For Hill, that would be a city where some 80 percent of the population is Mormon.
Hill is in the middle of preparing for his church launch on Jan. 30. He left a growing church he founded in Ohio to start a new one in a state he feels is the most unchurched in the country. He said there is not one church that is not affiliated with the Church of Jesus Christ of Latter-day Saints – which is headquartered in Salt Lake City – in 24-plus cities in the upper one-third of Utah.
He has a desire to reach people who need Jesus. Starting One Community Church is one way of doing it. Opening up his house is another way.

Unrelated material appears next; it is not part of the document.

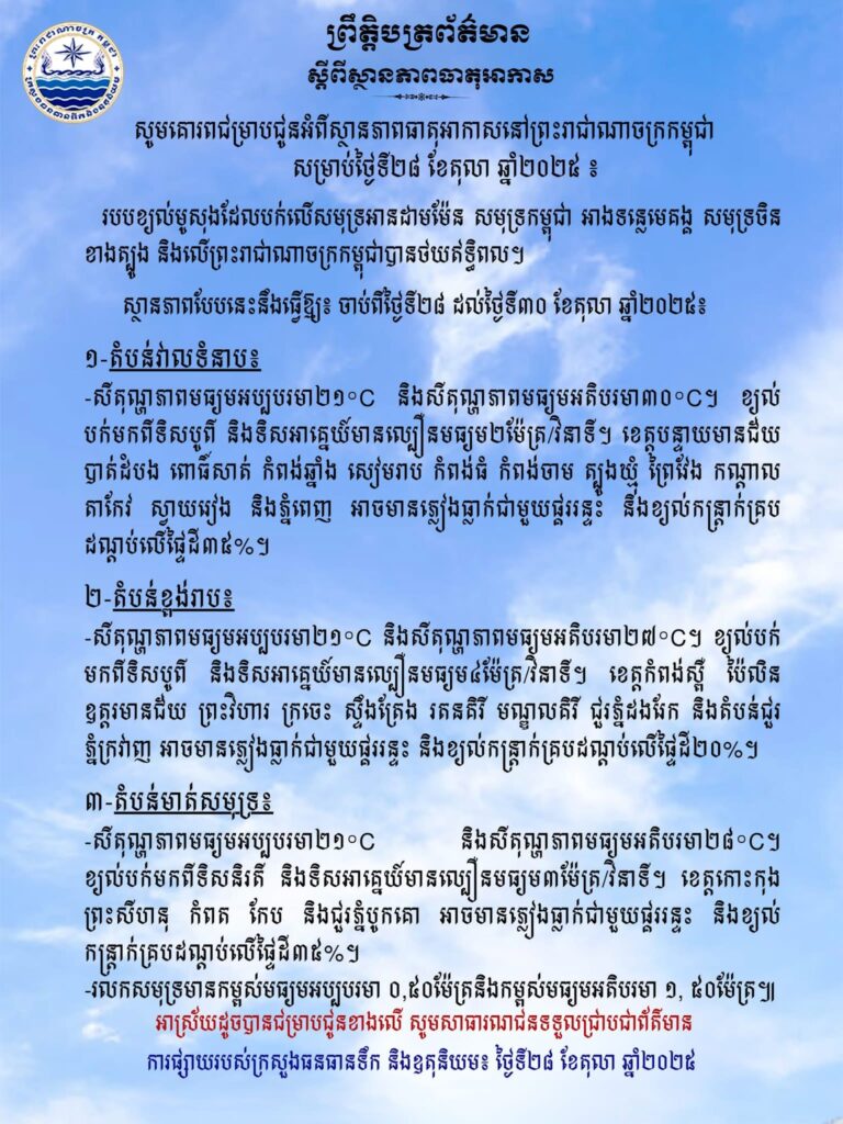 ភ្នំពេញ៖ក្រសួងធនធានទឹក និងឧតុនិយម បានចេញសេចក្តីជូនដំណឹង អំពីស្ថានភាពធាតុអាកាសនៅកម្ពុជា សម្រាប់ថ្ងៃទី២៨ ខែតុលា ឆ្នាំ២០២៥។

"[T]he goal of our church is not to get people to come to our cool service [alone...we want people to come and we want them inviting and engaging], but to build real, lasting friendships that will intersect with our lives," he said.

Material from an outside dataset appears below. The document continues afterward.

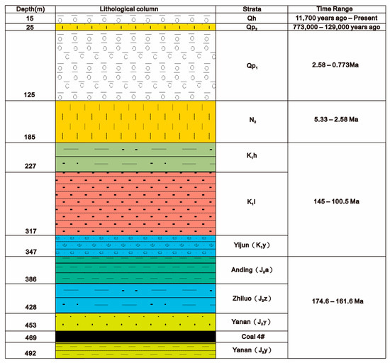 The Xiaozhuang Coal Mine area is predominantly covered by quaternary loess and Neogene laterite. The Lower Cretaceous Luohu Formation is exposed along the Jinghe River and in larger valleys such as the Hongya River, while the Huachi Formation is exposed within the Hongya River valley. Based on borehole data and geological mapping (Figure 5), the stratigraphic sequence from oldest to youngest is as follows:

"If you have a goal of just 'converting' people or 'getting them to come to church,' they might come once, but without relationship, there is nothing to build on," the former police officer stressed.

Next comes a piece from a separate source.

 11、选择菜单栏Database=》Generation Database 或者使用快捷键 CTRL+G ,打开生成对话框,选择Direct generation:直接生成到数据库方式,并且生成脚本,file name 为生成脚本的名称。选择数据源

Hill and his wife have been opening up their house to neighbors for years now. During Christmas, he had some 30 people over, most of whom were Mormon, for a simple open house. Surprisingly, though they attended the same LDS church, most of the guests did not know each other.
Though it would be amazing if his neighbors prayed the prayer, he doesn't try to force conversations on faith. Of course, as a pastor and church planter the conversation has been coming up easily. But he said his end goal is not to "convert'' people to his Christian faith during these open houses.
"Loving your neighbor" is the end goal, he highlighted.
"We moved here to live out the mission of Christ to love the world and make disciples. We will share His love with whomever He puts us into community with. We don't look at them as LDS or non-LDS, but friends, family and our kids friends as well."
Of course, being on mission wherever you are requires intentionality and effort. It's not always easy, Hill admitted.
"With my travel schedule, consulting schedule, fund raising, church planting demands, my family and their needs, my work-out training [I do marathons and triathlons] and I work a one day a week secular job, I can be just as guilty of disappearing into my own little world with little time and thought to build community and relationship with others that God has placed in my world," he said.
But he knows that leaving the door open could change a life forever.
"People don't care about what you do, or what you believe as much as they care about whether you really care about them or not," he said. "Crisis will come in their lives, and they will turn to you when that happens, but only IF real relationship with no strings attached is present.
"And as we love on them, they will see our love is rooted in Christ and hopefully respond to the Gospel."